Moving Average Features

This node computes various global moving average features from a DataFrame containing transactional data.

Input

It takes a DataFrame with date, and optionally user, amount, quantity columns.

Output

Returns the original DataFrame with new global moving average feature columns appended.

Type

pyspark

Class

fire.nodes.fe.NodeMovingAverageFeatures

Fields

Name

Title

Description

dateCol

Date/Timestamp Column

Column representing the transaction date or timestamp.

userCol

User ID Column

Column representing the user or entity ID.

amountCol

Amount Column

Column representing the transaction amount.

quantityCol

Quantity Column

Column representing the quantity.

enable_global_moving_avg_txn_count_per_day

Enable Global Moving Avg Txn Count Per Day

Global average transaction count per day over the window.

global_moving_avg_txn_count_per_day_window

Window Size (days)

enable_global_moving_avg_gap_days

Enable Global Moving Avg Gap Days

Global average gap days between transactions over the window.

global_moving_avg_gap_days_window

Window Size (days)

enable_global_hourly_avg_txn_count

Enable Global Hourly Avg Txn Count

Global average transaction count per hour over the window.

global_hourly_avg_txn_count_window_hours

Window Size (hours)

enable_global_daily_avg_amount

Enable Global Daily Avg Amount (Required: Amount)

Global average amount per day over the window.

global_daily_avg_amount_window

Window Size (days)

enable_global_moving_avg_amount

Enable Global Moving Avg Amount (Required: Amount)

Global average transaction amount over the window.

global_moving_avg_amount_window

Window Size (days)

enable_global_moving_avg_sales_per_day

Enable Global Moving Avg Sales Per Day (Required: Quantity)

Global average sales (quantity) per day over the window.

global_moving_avg_sales_per_day_window

Window Size (days)

enable_global_moving_avg_unique_users_per_day

Enable Global Moving Avg Unique Users Per Day (Required: User)

Global average unique users per day over the window.

global_moving_avg_unique_users_per_day_window

Window Size (days)

Details

Moving Average Features Node Details

The Moving Average Features node is designed to compute global moving average features from transactional data stored in a DataFrame. It calculates metrics such as average transaction counts, gap days, amounts, sales quantities, and unique users over specified time windows. These features are appended as new columns to the input DataFrame, providing insights into global trends across all transactions.

General:

Date/Timestamp Column:

Specifies the column containing the date or timestamp of the transactions. This is a required field used for all time-based feature computations.

User ID Column:

Specifies an optional column containing the user or entity identifier (e.g., user_id, customer_id). Required for computing global moving average unique users per day.

Amount Column:

Specifies an optional column containing the transaction amount (e.g., purchase value). Required for features like global moving average amount and global daily average amount.

Quantity Column:

Specifies an optional column containing the quantity of items in the transaction. Required for computing global moving average sales per day.

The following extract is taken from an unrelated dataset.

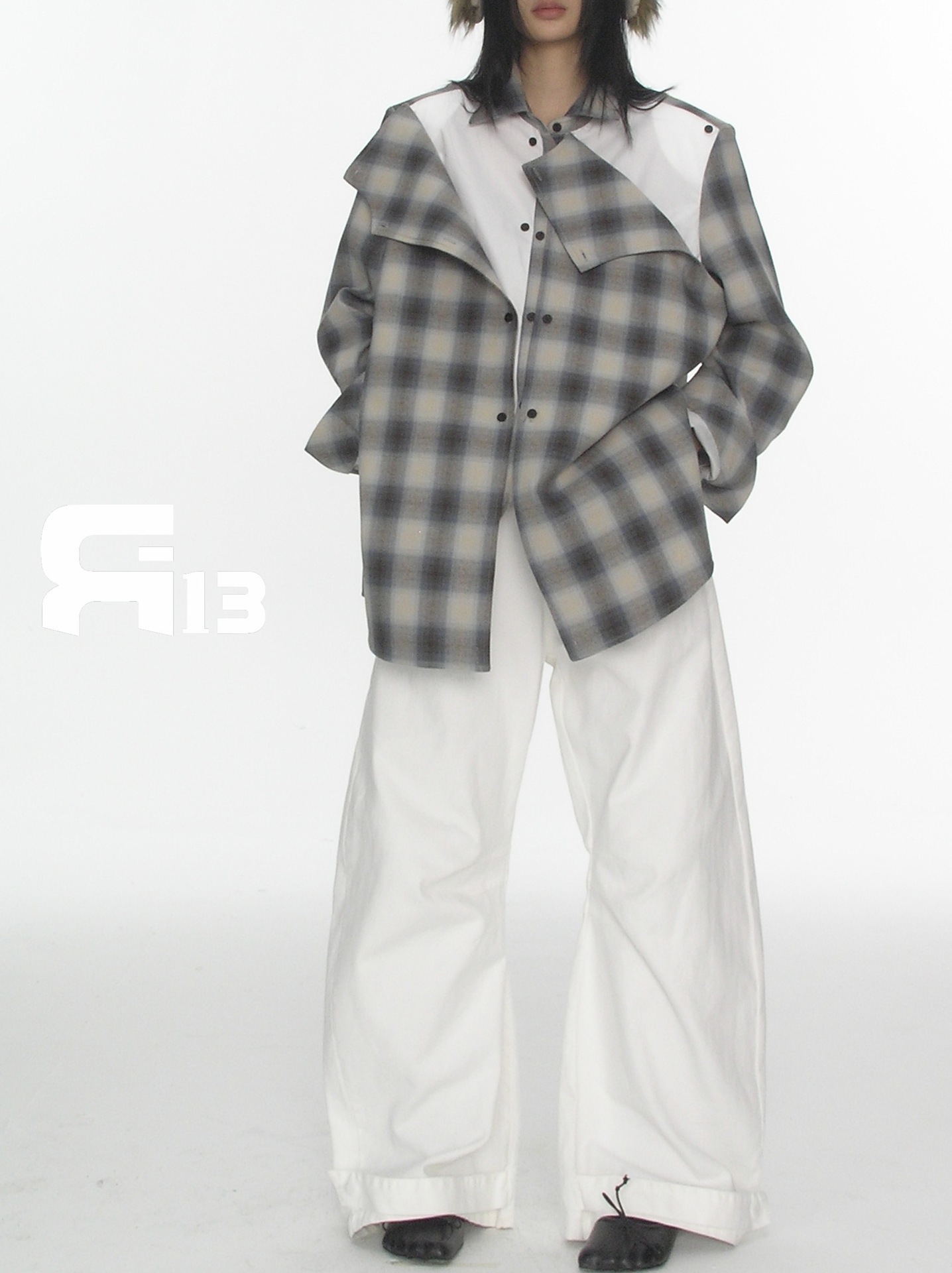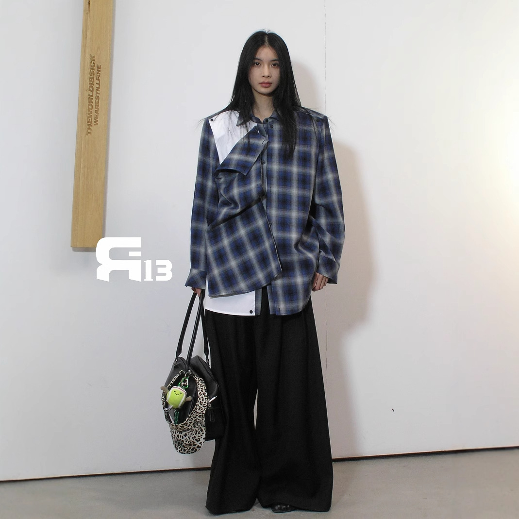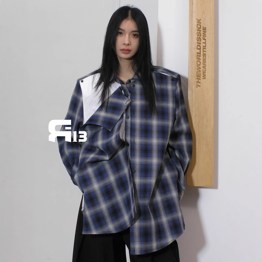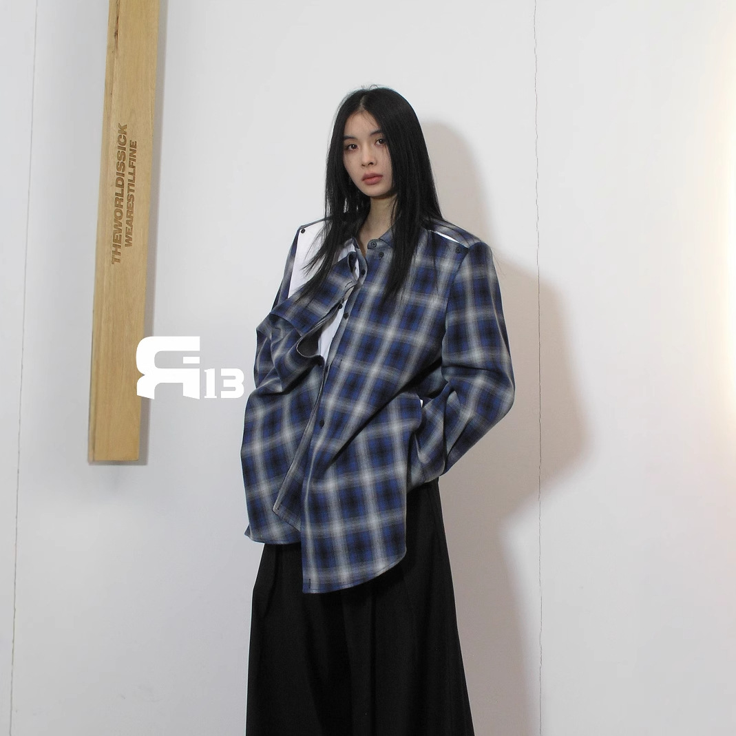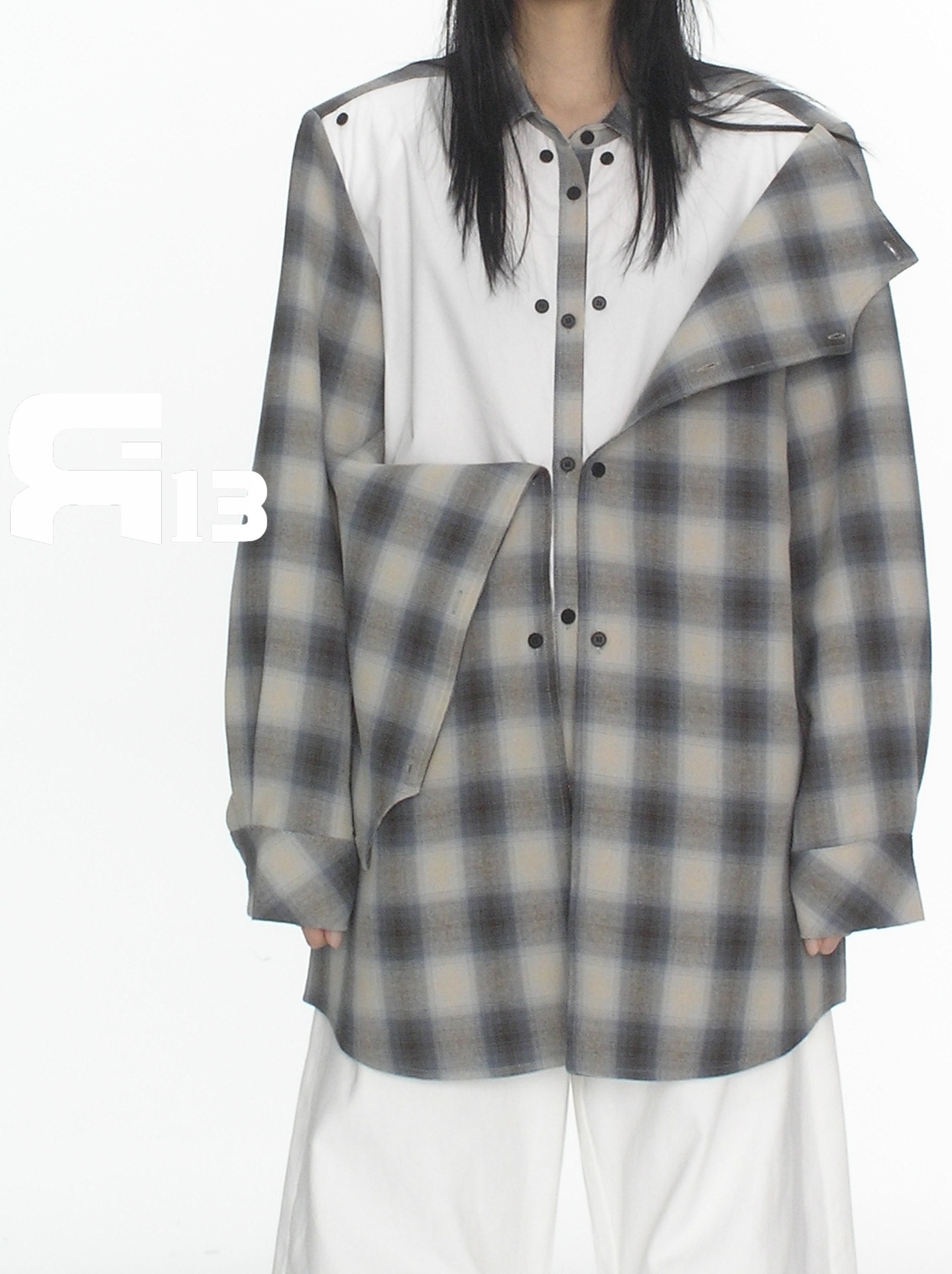R13 Spliced Plaid Shirt, Coat Women's Button-up Top Irregular Button S Loose

Enable Global Moving Avg Txn Count Per Day:

When enabled, calculates the global average transaction count per day over a specified window (in days).

Global Moving Avg Txn Count Per Day Window:

Specifies the window size (in days) for the global moving average transaction count per day.

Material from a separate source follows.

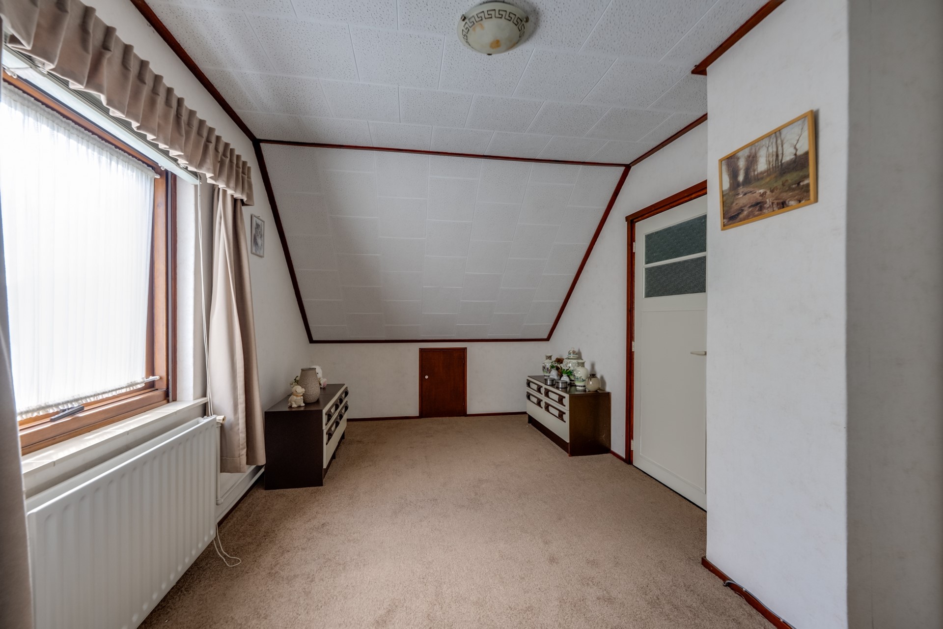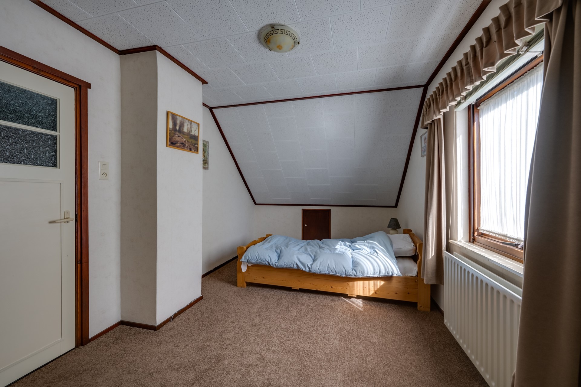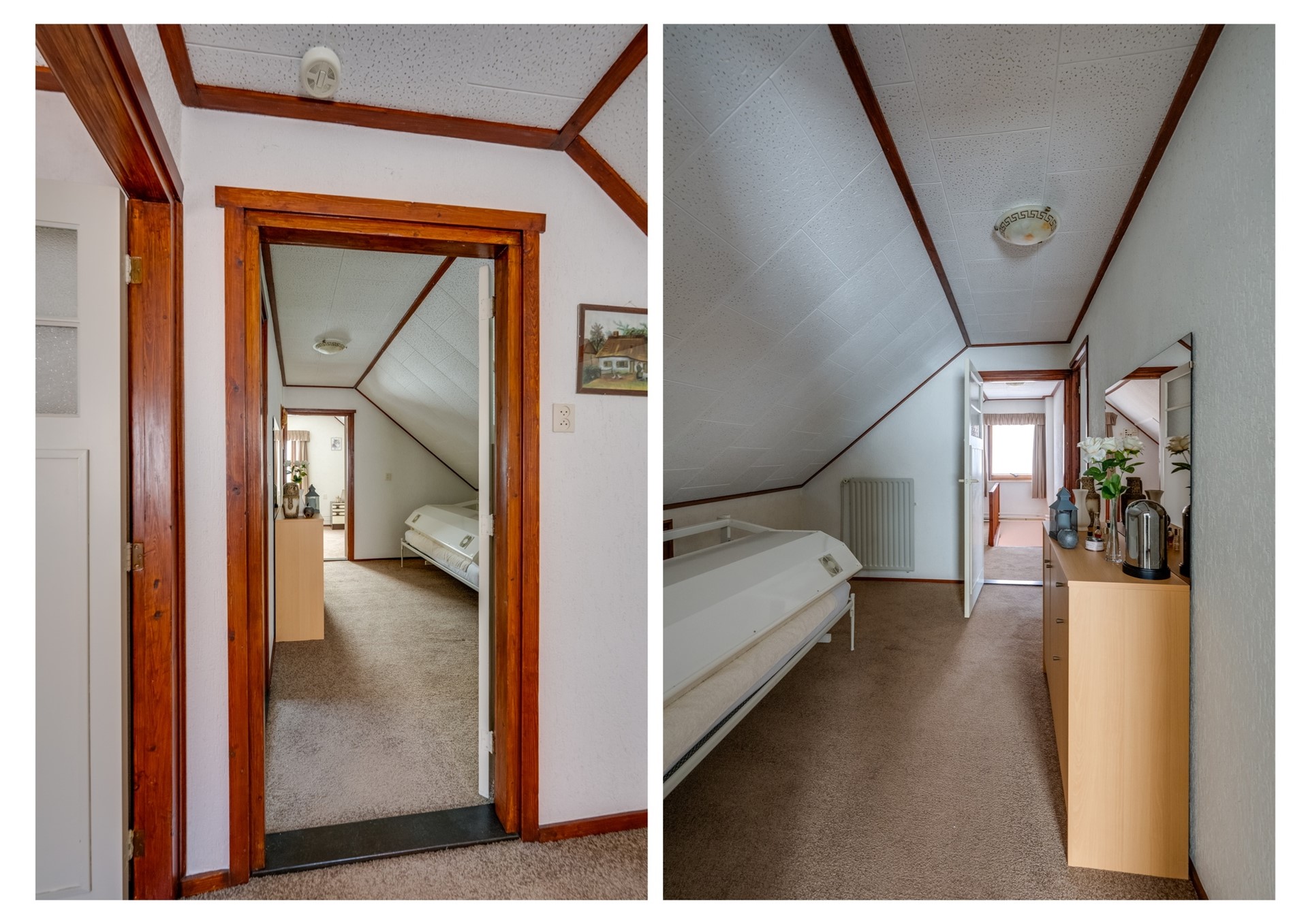 Via de overloop heeft u toegang tot 3 slaapkamers en twee inbouwkasten. De overloop heeft een voorste gedeelte (3,43 m. x 2,86 m.) met twee inbouwkasten en een tweede gedeelte (3,62 m. x 2,86 m.) aan de voorzijde van de woning. De gehele verdieping is v.v. vloerbedekking en behang op de muren. Alle plafonds zijn afgewerkt met zachtboardtegels. De houten kozijnen hebben allen dubbel glas. Op diverse plaatsen komt u knieschotten tegen voor extra bergruimte.

Enable Global Moving Avg Gap Days:

When enabled, calculates the global average gap days between transactions over a specified window.

Global Moving Avg Gap Days Window:

Specifies the window size (in days) for the global moving average gap days calculation.

Enable Global Hourly Avg Txn Count:

When enabled, calculates the global average transaction count per hour over a specified window (in hours).

Global Hourly Avg Txn Count Window:

Specifies the window size (in hours) for the global hourly average transaction count.

Enable Global Daily Avg Amount:

When enabled, calculates the global average transaction amount per day over a specified window. Requires the Amount Column.

Global Daily Avg Amount Window:

Specifies the window size (in days) for the global daily average amount calculation.

Enable Global Moving Avg Amount:

When enabled, calculates the global average transaction amount over a specified window. Requires the Amount Column.

Global Moving Avg Amount Window:

Specifies the window size (in days) for the global moving average amount calculation.

Enable Global Moving Avg Sales Per Day:

When enabled, calculates the global average sales (quantity) per day over a specified window. Requires the Quantity Column.

Global Moving Avg Sales Per Day Window:

Specifies the window size (in days) for the global moving average sales per day calculation.

Enable Global Moving Avg Unique Users Per Day:

When enabled, calculates the global average number of unique users per day over a specified window. Requires the User ID Column.

Global Moving Avg Unique Users Per Day Window:

Specifies the window size (in days) for the global moving average unique users per day calculation.

Output:

The node outputs the original DataFrame with additional columns based on the enabled features:

  • moving_avg_amount_<window>d

  • moving_avg_txn_count_per_day_<window>d

  • moving_avg_gap_days_<window>d

  • moving_avg_sales_per_day_<window>d

  • moving_avg_unique_users_per_day_<window>d

  • daily_avg_amount_<window>d

  • hourly_avg_txn_count_per_hour_<window>h

Examples

Moving Average Features Node Examples

Input:

A DataFrame contains the following data:

  • eventDate: [“2023-01-01 08:00:00”, “2023-01-01 12:00:00”, “2023-01-02 10:00:00”, “2023-01-03 14:00:00”, “2023-01-04 18:00:00”]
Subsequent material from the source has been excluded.